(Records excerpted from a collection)
+===+
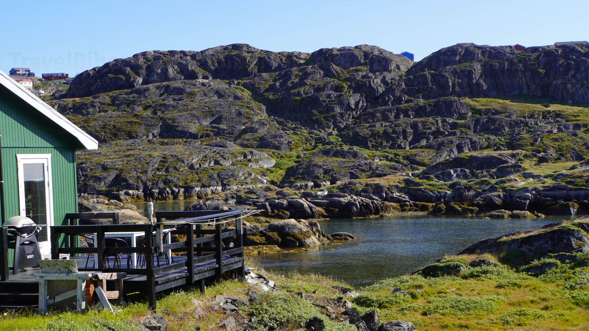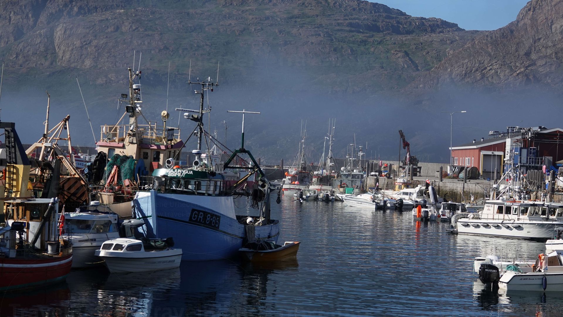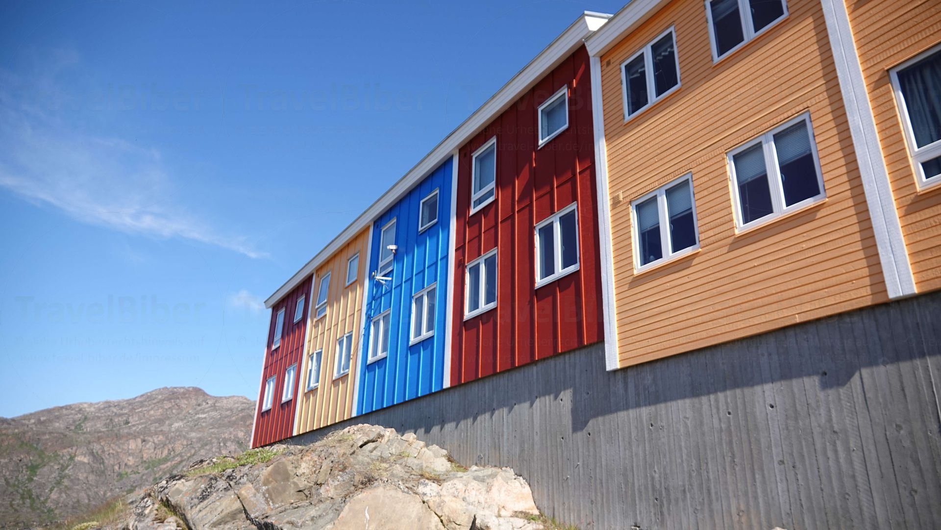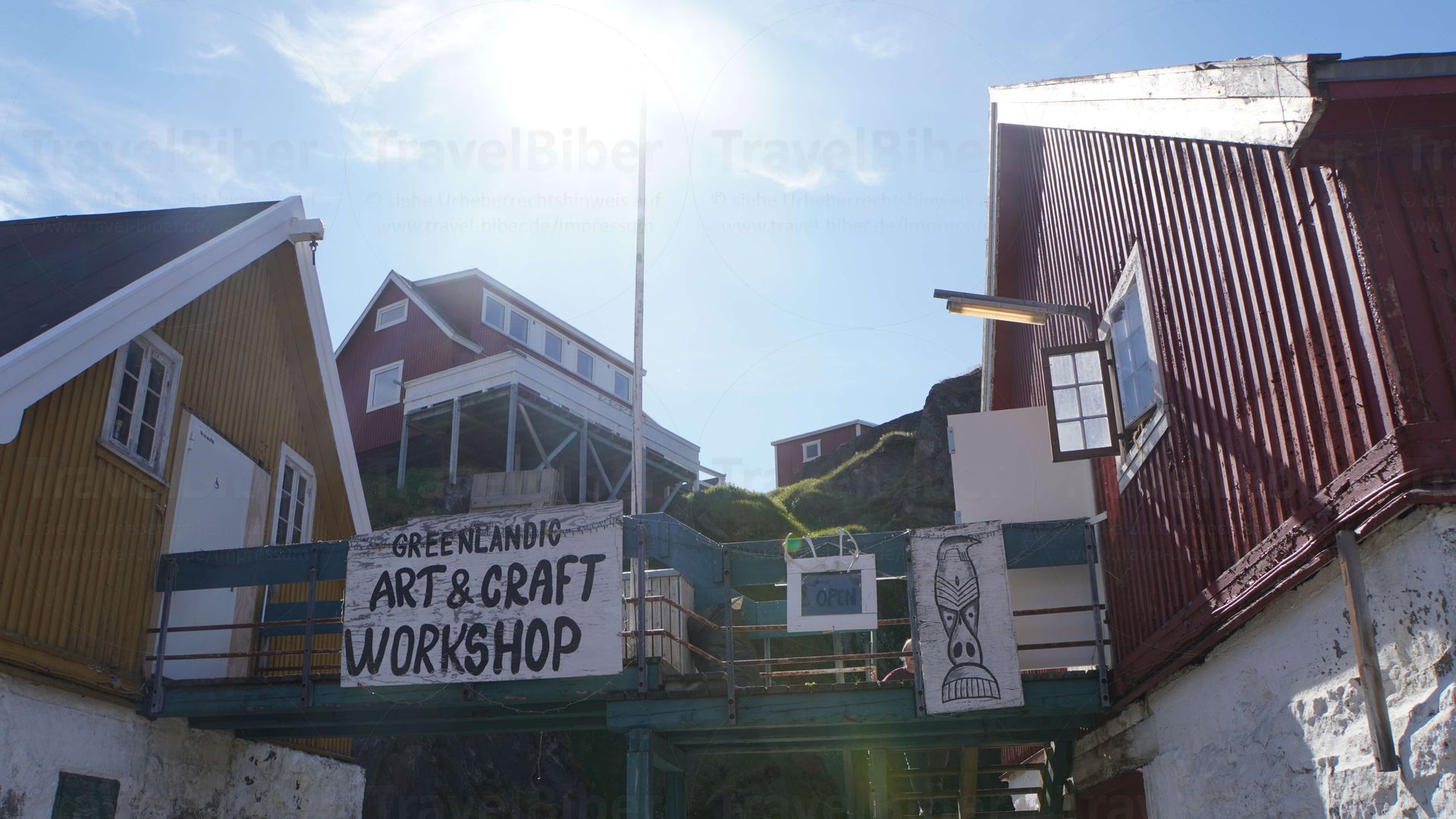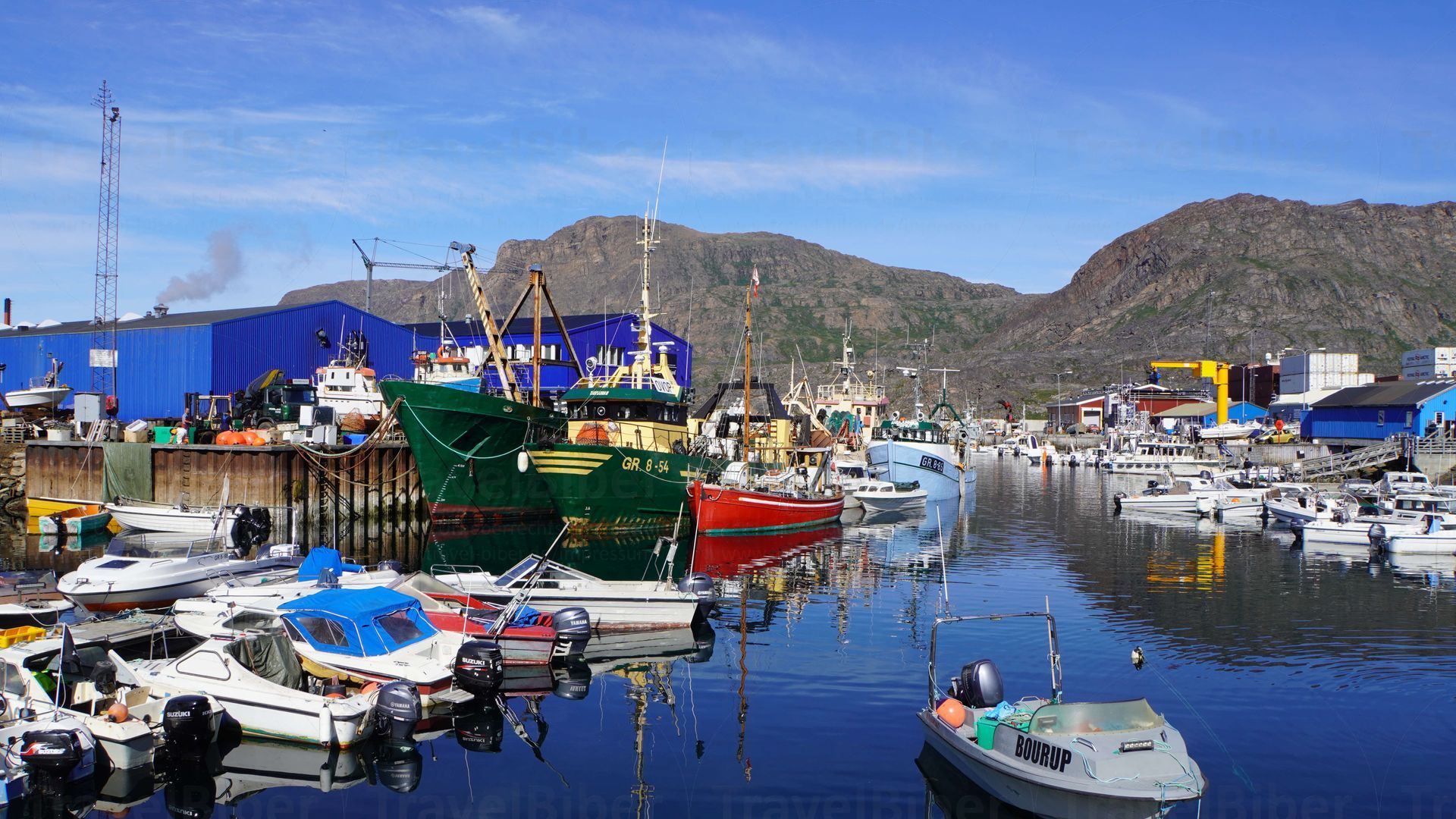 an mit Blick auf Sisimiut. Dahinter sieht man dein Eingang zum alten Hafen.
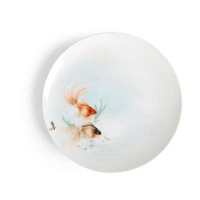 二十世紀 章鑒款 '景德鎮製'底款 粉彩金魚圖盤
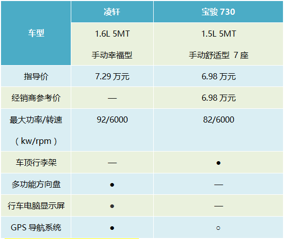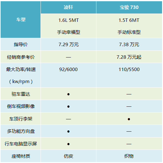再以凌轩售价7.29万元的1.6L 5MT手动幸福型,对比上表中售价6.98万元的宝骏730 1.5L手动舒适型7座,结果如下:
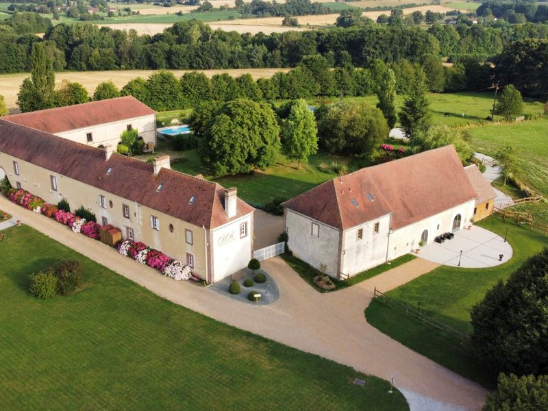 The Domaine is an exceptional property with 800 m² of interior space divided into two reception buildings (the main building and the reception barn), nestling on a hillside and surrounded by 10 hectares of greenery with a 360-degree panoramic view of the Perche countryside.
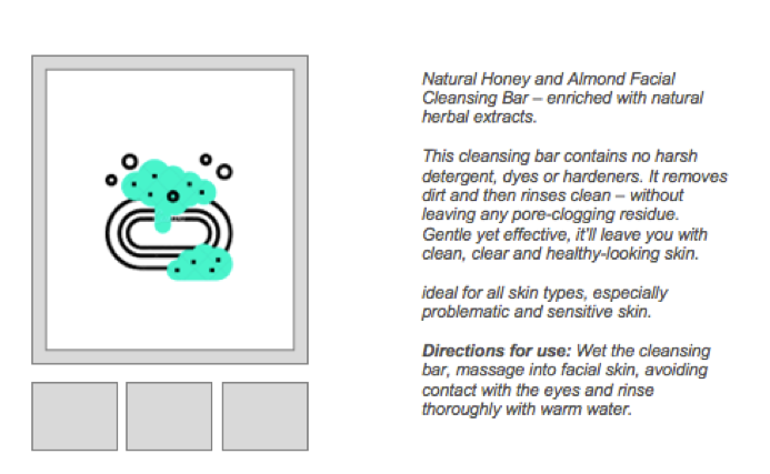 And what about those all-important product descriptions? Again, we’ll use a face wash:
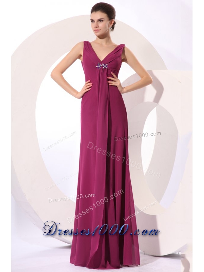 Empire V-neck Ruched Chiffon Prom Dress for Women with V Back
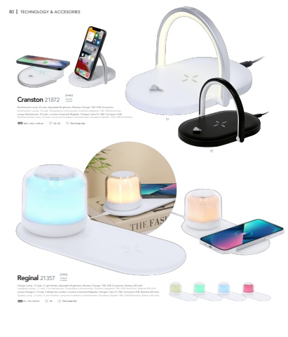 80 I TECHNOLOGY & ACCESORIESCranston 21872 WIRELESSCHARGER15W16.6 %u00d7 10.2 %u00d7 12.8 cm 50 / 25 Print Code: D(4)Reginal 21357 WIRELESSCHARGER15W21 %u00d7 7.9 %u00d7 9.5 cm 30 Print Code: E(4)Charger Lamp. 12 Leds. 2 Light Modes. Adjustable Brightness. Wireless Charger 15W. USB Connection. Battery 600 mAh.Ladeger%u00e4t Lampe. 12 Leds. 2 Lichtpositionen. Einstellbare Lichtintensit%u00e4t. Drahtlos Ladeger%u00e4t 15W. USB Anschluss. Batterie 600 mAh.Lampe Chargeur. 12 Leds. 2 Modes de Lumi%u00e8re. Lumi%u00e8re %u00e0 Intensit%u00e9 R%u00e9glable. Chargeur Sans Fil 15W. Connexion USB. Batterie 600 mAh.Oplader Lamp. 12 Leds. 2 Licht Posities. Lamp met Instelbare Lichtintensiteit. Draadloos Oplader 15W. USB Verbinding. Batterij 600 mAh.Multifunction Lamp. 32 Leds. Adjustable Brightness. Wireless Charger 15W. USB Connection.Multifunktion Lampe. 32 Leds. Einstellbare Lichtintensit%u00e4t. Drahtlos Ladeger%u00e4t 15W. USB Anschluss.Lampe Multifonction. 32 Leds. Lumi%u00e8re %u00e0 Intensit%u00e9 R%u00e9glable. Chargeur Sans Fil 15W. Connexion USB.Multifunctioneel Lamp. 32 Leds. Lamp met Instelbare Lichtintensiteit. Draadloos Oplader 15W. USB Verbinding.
+===+
WHAT IS BEING ASKED: Each entry should appear again exactly as written, pictures excluded.

TASK ANSWER:
 an mit Blick auf Sisimiut. Dahinter sieht man dein Eingang zum alten Hafen.
 二十世紀 章鑒款 '景德鎮製'底款 粉彩金魚圖盤
再以凌轩售价7.29万元的1.6L 5MT手动幸福型,对比上表中售价6.98万元的宝骏730 1.5L手动舒适型7座,结果如下:
 The Domaine is an exceptional property with 800 m² of interior space divided into two reception buildings (the main building and the reception barn), nestling on a hillside and surrounded by 10 hectares of greenery with a 360-degree panoramic view of the Perche countryside.
 And what about those all-important product descriptions? Again, we’ll use a face wash:
 Empire V-neck Ruched Chiffon Prom Dress for Women with V Back
 80 I TECHNOLOGY & ACCESORIESCranston 21872 WIRELESSCHARGER15W16.6 %u00d7 10.2 %u00d7 12.8 cm 50 / 25 Print Code: D(4)Reginal 21357 WIRELESSCHARGER15W21 %u00d7 7.9 %u00d7 9.5 cm 30 Print Code: E(4)Charger Lamp. 12 Leds. 2 Light Modes. Adjustable Brightness. Wireless Charger 15W. USB Connection. Battery 600 mAh.Ladeger%u00e4t Lampe. 12 Leds. 2 Lichtpositionen. Einstellbare Lichtintensit%u00e4t. Drahtlos Ladeger%u00e4t 15W. USB Anschluss. Batterie 600 mAh.Lampe Chargeur. 12 Leds. 2 Modes de Lumi%u00e8re. Lumi%u00e8re %u00e0 Intensit%u00e9 R%u00e9glable. Chargeur Sans Fil 15W. Connexion USB. Batterie 600 mAh.Oplader Lamp. 12 Leds. 2 Licht Posities. Lamp met Instelbare Lichtintensiteit. Draadloos Oplader 15W. USB Verbinding. Batterij 600 mAh.Multifunction Lamp. 32 Leds. Adjustable Brightness. Wireless Charger 15W. USB Connection.Multifunktion Lampe. 32 Leds. Einstellbare Lichtintensit%u00e4t. Drahtlos Ladeger%u00e4t 15W. USB Anschluss.Lampe Multifonction. 32 Leds. Lumi%u00e8re %u00e0 Intensit%u00e9 R%u00e9glable. Chargeur Sans Fil 15W. Connexion USB.Multifunctioneel Lamp. 32 Leds. Lamp met Instelbare Lichtintensiteit. Draadloos Oplader 15W. USB Verbinding.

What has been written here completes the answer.